How might At1g69090/ATG6 antibodies contribute to understanding ATG6 as a transcriptional coactivator?

Antibodies will be essential for: (1) Chromatin immunoprecipitation (ChIP) assays to identify genomic regions where ATG6 binds, particularly near NPR1-regulated defense genes like PR1 and PR5 ; (2) Re-ChIP experiments to confirm co-occupancy with NPR1 and TGA transcription factors; (3) Immunoprecipitation followed by mass spectrometry to identify components of transcriptional complexes containing ATG6; (4) Analysis of histone modifications at ATG6-bound regions to understand chromatin-level regulation; and (5) Investigation of the acidic activation domain (ADD) of ATG6 (amino acids 148-295) through domain-specific antibodies that could reveal its function in transcriptional activation.

What role might At1g69090/ATG6 antibodies play in developing broad-spectrum plant disease resistance strategies?
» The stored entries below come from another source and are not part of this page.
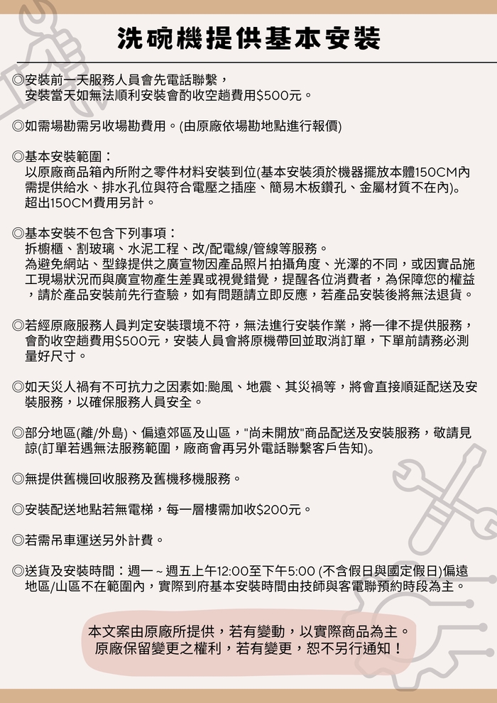 ◎基本安裝不包含下列事項:拆櫥櫃、割玻璃、水泥工程、改/配電線/管線等服務。
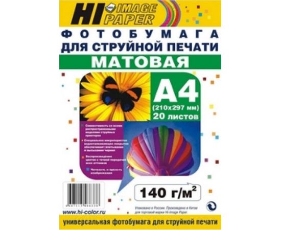 Фотобумага A4 140г/м2, 20 листов, матовая (Hi-Image) (A201549)
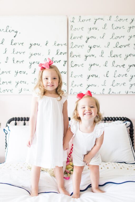 umm are you serious!? cutest bedroom reveal I think I have EVER seen. those girls are precious and I can't get enough of the pics. the canvases behind them are absolutely perfect!
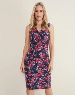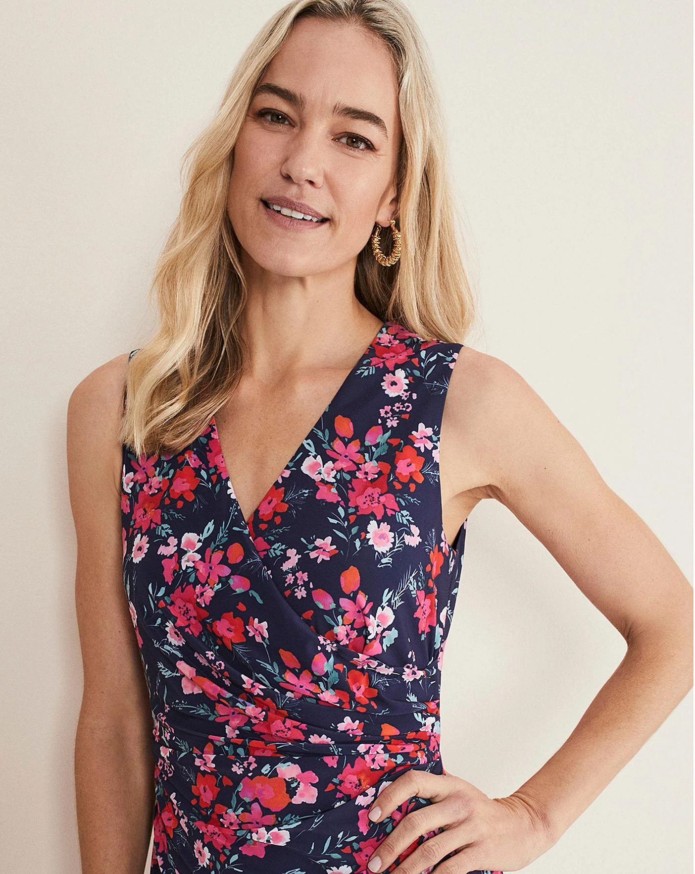 The perfect dress for your next occasion. Our Aurelia dress is designed with a beautiful floral print and features a statement wrap bodice. We’ve styled ours with red heels and a matching red clutch bag.
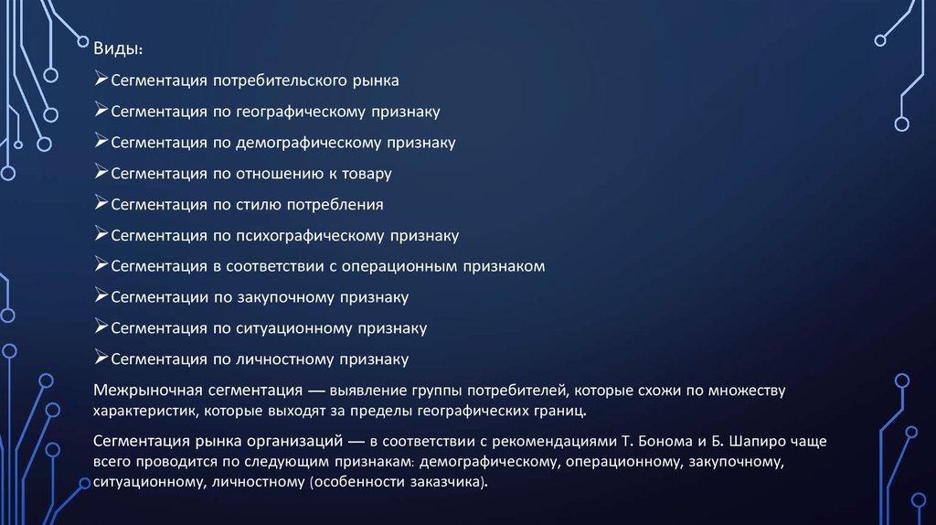 Сегментация рынка организаций — в соответствии с рекомендациями Т. Бонома и Б. Шапиро чаще
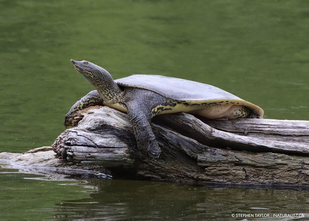 • La tortue molle à épines aime la boue associée à de nombreux rivages d’eau douce dans le sud de l’Ontario. Elles enfouissent souvent leur corps exceptionnellement plat dans la boue et utilisent leur long nez tubulaire comme tuba. Chaque année, au début de l’été, les tortues femelles recherchent des endroits sablonneux ou graveleux pour faire leur nid. Mais ces derniers temps, les sites de nidification se font rares. Les projets de stabilisation des berges et des rivages ont réduit l’habitat de la tortue molle. Ces projets sont réalisés partout, y compris dans les zones urbaines où des mesures d’atténuation de l’érosion empêchent les tortues d’y accéder. Ces mesures comprennent des murs de soutènement en béton, l’enrochement de gros blocs et des gabions. Ce type de stabilisation des berges empêche non seulement les tortues de circuler dans la plupart des cas, mais il peut aussi provoquer des flux d’eau non naturels et modifier la dispersion des sédiments, ce qui risque d’altérer encore plus l’habitat. L’endiguement des berges et d’autres menaces ont placé la tortue molle sur la liste fédérale des espèces en voie de disparition. Mais ça n’a pas à être le cas. Il existe d’autres techniques de stabilisation des berges qui ne nuisent pas aux tortues.
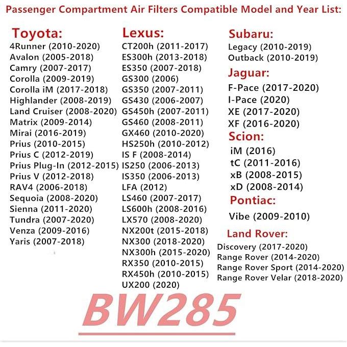 filtre habitacle Toyota, Range Rover , Camry , Corolla, , Highlander, Prius, RAV4, Range rover, etc

Antibodies against ATG6 could advance agricultural applications by: (1) Screening for chemical compounds that stabilize ATG6-NPR1 interactions, potentially improving disease resistance; (2) Monitoring ATG6 protein levels as a biomarker for plant immune activation; (3) Validating transgenic lines with modified ATG6 expression for enhanced pathogen resistance ; (4) Investigating ATG6 function across diverse crop species using cross-reactive antibodies; and (5) Developing diagnostic tools to assess plant immunity status in field conditions based on ATG6 protein levels or modification states.